Amazons (Alejandro Sessa, 1986)

Roger Corman produced so many Sword and Sorcery flicks from the 80’s that you would think at least one of them would be worth taking seriously, or at least one of them would have a plot worth rehashing for the sake of people who have not yet seen all of them. You would be wrong. Out of all those terrible movies filmed for Corman in South America, Amazons, is... another.

Ostensibly based on the Charles Saunders story “Agwebe’s Sword,” Amazons stars Ty Randolph, a student of karate fully capable of being naked on film, as Dyala. Dyala is chosen by the Emerald Queen to find the sword of Azundati of which Dyala has had prophetic dreams. On the warpath is the wizard Kalungo (Joseph Whipp), who can shoot people with poorly animated lightning. Azundati’s sword supposedly trumps Kalungo’s magic, and so Dyala sets out to find it with the help of Tashi (Penelope Reed), another young amazon with whom Dyala has feuded in the past. Tashi’s mother, Tashingi (Danitza Kingsley), had fought with Dyala’s mother over a man, losing one of her hands in the process. The animosity passed from mother to daughter, Tashi plans (with her mother’s instruction) to kill Dyala once the magic sword is retrieved and return it to her mother, whose allegiance lies not with the Amazons, for whom she acts as a general, but with Kalungo. Just assume how it ends. You’ll probably be right.

It’s a quest movie. Where it should shine -- the unusual places, characters and circumstances encountered along the way; the exhibition of physical skill; the growing relationship of fellow travelers with deep seated resentment for each other -- it does not. Although Penelope Reed seems to take her role seriously enough to actually try conveying emotions and internal conflict and motivation, her earnestness only makes the rest of the production look worse in comparison. The viewer never receives any clue as to the spatial relationships between various places nor the time that it would take to cross from one location to the other: a terrible mistake in a film about a journey, an even greater mistake when there’s a subplot about the impending threat of a murderous sorcerer waiting to attack at any moment.

Looking at the ineptness of the action sequences and special effects, the odd pacing and lack of chronological sense, it becomes clear that the only thing Argentinean director Alejandro Sessa could do was ask women to be more or less naked on film.

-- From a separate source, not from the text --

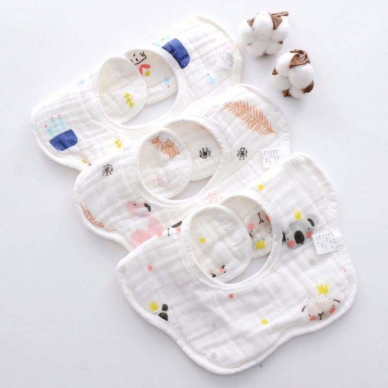 Bavoir en coton unisexe pour bébé, doux, en fil, imperméable, motif floral, bandana avec fermeture à bouton, bavoirs d'alimentation en coton

Whenever things get boring, it’s time for a virgin sacrifice, attempted rape, gratuitous bathing scene, or cheesy soft-core between Kalungo and Tshingi. Aside from the various unnamed Argentinean women who bare their breasts, the trio of Ty Randolph, Penelope Reed and Danitza Kingsley all look nice enough in an eighties-porno chick way -- all bleached out in the head and silicone enhanced, with all the latest in Amazonian cosmetics and hair care products.

We’ve established that Amazons is a bad movie. Its technical qualities are abominable. It exists solely to show big, fake boobs. In terms of both budget and artistic vision, Amazons is actually more impoverished than the usual Roger Corman produced sword-and-sorcery film from the eighties. Now the question: why is any of this worth pointing out?

My favorite movie review from Tomoe Gozen author Jessica Salmonson is not one of her critiques of Japanese jidai-geki (which are fantastic), nor one of her reviews of horror movies (which she handles with good humor and insight). It is her review of Amazons, because of the information she shares about how it was made. I would not otherwise have known Amazons an adaptation of a story, nor that Charles Saunders had been a Black Panther, nor that he wrote the screenplays to Amazons and its sequel, Stormquest. Now it might interest those who don’t know Saunders as a writer of fiction to know that he sets his fantasies in a uniquely African milieu, and with that knowledge, the casting of nothing but big-haired, bleached-blondes might seem inappropriate. Certainly, names like Tashingi and Azundati don’t sound the way their actresses look.

Also worth noting is that Saunders is a capable pulp writer, and that whatever he intended while writing the screenplay (which is quite different than writing a novel or story) probably came out quite differently on screen. Of course, I don’t know enough to say that with any certainty, as there were plenty of examples (Deathstalker, Sorceress, Barbarian Queen) of how Amazons would turn out. But in brief moments and isolated lines and action scenes that probably sound more ambitious on paper than they look in execution, one gets the impression that Mr. Saunders attempted to write a quality film.

But other than presumably butchering its source material far worse than even the various adaptations of Robert E. Howard over the years, Amazons fits in nicely with the other movies of its ilk. As such, it will please those who want to watch women in barbarian bikinis slaughtering men who slaughter less violent women. Cinema masochists will like it too.